The Quality Assurance tab analyzes all images in your folder for quality issues and lets you take action on problematic images. This helps curate training datasets by identifying blurry, low-resolution, or otherwise problematic images before captioning.
The tab scores each image on the following criteria (each can be enabled/disabled):
- Blur Detection - Uses Laplacian variance to detect blurry or out-of-focus images. Configurable low/high thresholds determine what counts as "definitely blurry" vs "definitely sharp".
- Low Resolution - Flags images where the shortest dimension falls below a configurable minimum (default 512px).
- Missing Mask - Checks if a corresponding mask file exists. Automatically disabled if no images in the folder have masks.

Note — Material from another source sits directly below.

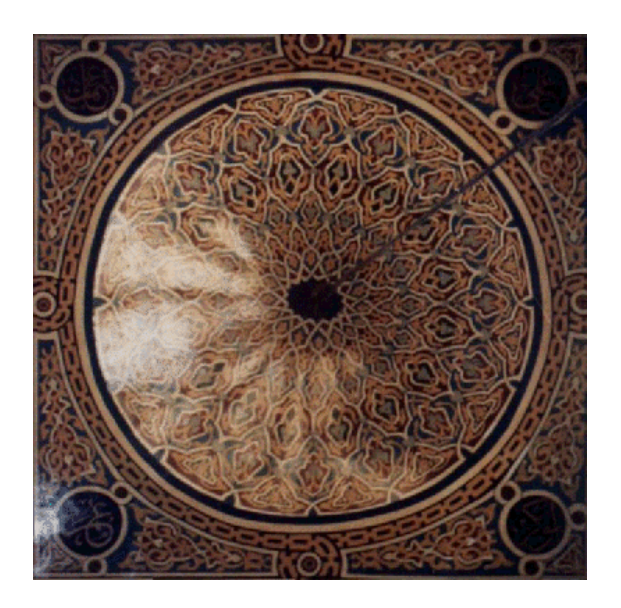
Figure (5) An orthoimage of the test field

An orthoimage related to the flat ceiling plan as a reference plan has been obtain directly from the used photogrammetric software as shown in figure (5). This image has been divided into four quadrant for purposes of the geometric comparison. Each quadrant has been enhanced through an image enhancement software to prepare the images for the comparison. The upper-left quadrant is remain as it is, the upper-right quadrant has been flipped horizontally, the lower-left quadrant has been flipped vertically and the lower-right quadrant has been flipped vertically. Figure (6) shows the various quadrates.

- Face Detection - Detects faces in images. Configurable mode: flag if no face is detected (for portrait datasets) or flag if a face is detected (for landscape/object datasets).
- Eyes Closed - Detects closed eyes on detected faces using MediaPipe Face Mesh blendshapes. Falls back to OpenCV Haar cascades if MediaPipe is not installed.
Each criterion produces a score from 0.0 (worst) to 1.0 (best). These are combined into an overall score using a weighted average. Weights for each criterion can be adjusted using the sliders (0.0 to 2.0 range).
The image list is displayed as a sortable table with columns for each score. Click any column header to sort by that criterion. Default sort is by Overall score descending (best at top).
- Click an image in the table to view it
- Use the slider below the image to scrub through the list
- Use Left/Right arrow keys to step through images
- Use the mouse scroll wheel on the image to navigate
- Append to Caption [A] - Appends the configured text to the image's caption file
- Move to Unused [D] - Moves the image (along with its caption and mask files) to the
unused/subfolder
Apply actions to all images that fall below a score threshold:
- Select which Criterion to threshold on (Overall, Blur, Resolution, Mask, Face, or Eyes)
- Set the Threshold slider (0.0 to 1.0)
- The count label shows how many images fall below the threshold
- Click Append to All Below to add quality tags to their captions
- Click Move All Below to Unused to move them (with their captions and masks) to the
unused/subfolder
The text to append can be typed freely or selected from presets:
, low quality, worst quality, jpeg artifacts, blurry, blurry, out of focus, low resolution, pixelated, eyes closed
Analysis results are cached to a _qa_cache.json file in the image folder.
When you reopen the same folder, cached results are loaded automatically if the files haven't changed.
Click Analyze All to re-scan and overwrite the cache.
On first analysis with face/eyes detection enabled, small model files are automatically downloaded:
- MediaPipe Face Landmarker (~3.7 MB) - for face and eye-blink detection
- YuNet (~336 KB) - OpenCV face detection fallback (used only if MediaPipe is not available)
These are saved to the models/_/ directory.